**Task to complete**
Every line from the one containing "这道酸萝卜炒牛肉也出现在了旺" to the one containing "Прямо сверху вид" in the records below, both included, must be set down exactly, and no other line.
*** Opening Exercise material ***
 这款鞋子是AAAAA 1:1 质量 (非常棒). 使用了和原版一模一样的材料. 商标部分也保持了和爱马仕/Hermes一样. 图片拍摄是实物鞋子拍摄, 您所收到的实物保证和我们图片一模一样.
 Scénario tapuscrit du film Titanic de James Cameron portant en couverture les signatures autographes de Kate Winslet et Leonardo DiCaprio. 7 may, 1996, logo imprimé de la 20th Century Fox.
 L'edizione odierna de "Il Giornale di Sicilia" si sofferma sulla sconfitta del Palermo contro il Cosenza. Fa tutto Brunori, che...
*** Closing Exercise material ***
*** Opening Exercise material ***
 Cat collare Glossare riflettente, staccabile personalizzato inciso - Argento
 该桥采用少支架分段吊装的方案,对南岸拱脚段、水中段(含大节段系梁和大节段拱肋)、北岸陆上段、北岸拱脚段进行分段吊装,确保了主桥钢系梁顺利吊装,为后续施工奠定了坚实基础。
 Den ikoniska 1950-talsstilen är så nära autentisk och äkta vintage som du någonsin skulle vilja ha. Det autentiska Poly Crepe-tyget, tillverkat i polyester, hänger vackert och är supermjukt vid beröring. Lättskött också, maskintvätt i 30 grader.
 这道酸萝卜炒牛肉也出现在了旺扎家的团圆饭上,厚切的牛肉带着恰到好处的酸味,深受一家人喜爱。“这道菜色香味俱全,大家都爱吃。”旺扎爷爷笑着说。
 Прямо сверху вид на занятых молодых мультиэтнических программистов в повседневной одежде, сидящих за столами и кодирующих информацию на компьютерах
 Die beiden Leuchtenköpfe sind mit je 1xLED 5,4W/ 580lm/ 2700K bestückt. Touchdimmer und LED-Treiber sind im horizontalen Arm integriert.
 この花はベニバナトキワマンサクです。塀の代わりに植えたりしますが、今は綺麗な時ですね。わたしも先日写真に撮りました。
*** Closing Exercise material ***
*** Opening Exercise material ***
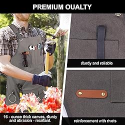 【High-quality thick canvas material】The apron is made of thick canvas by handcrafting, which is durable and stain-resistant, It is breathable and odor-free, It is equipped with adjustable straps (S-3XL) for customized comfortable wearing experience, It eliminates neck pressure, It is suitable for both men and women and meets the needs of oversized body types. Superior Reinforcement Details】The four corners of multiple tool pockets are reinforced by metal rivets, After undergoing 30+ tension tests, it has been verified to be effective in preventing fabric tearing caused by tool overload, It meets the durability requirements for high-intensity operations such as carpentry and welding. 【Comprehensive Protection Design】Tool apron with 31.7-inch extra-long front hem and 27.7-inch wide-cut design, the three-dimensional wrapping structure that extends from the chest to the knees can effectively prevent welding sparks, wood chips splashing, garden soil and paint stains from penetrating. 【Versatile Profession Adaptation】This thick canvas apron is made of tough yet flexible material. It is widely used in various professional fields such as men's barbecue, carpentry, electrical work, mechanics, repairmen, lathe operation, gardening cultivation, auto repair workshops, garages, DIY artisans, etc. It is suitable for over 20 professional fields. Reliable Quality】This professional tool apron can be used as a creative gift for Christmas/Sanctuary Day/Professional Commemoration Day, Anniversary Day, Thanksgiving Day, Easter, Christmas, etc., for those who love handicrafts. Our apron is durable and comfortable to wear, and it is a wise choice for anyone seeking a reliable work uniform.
*** Closing Exercise material ***
**Expected answer**
 这道酸萝卜炒牛肉也出现在了旺扎家的团圆饭上,厚切的牛肉带着恰到好处的酸味,深受一家人喜爱。“这道菜色香味俱全,大家都爱吃。”旺扎爷爷笑着说。
 Прямо сверху вид на занятых молодых мультиэтнических программистов в повседневной одежде, сидящих за столами и кодирующих информацию на компьютерах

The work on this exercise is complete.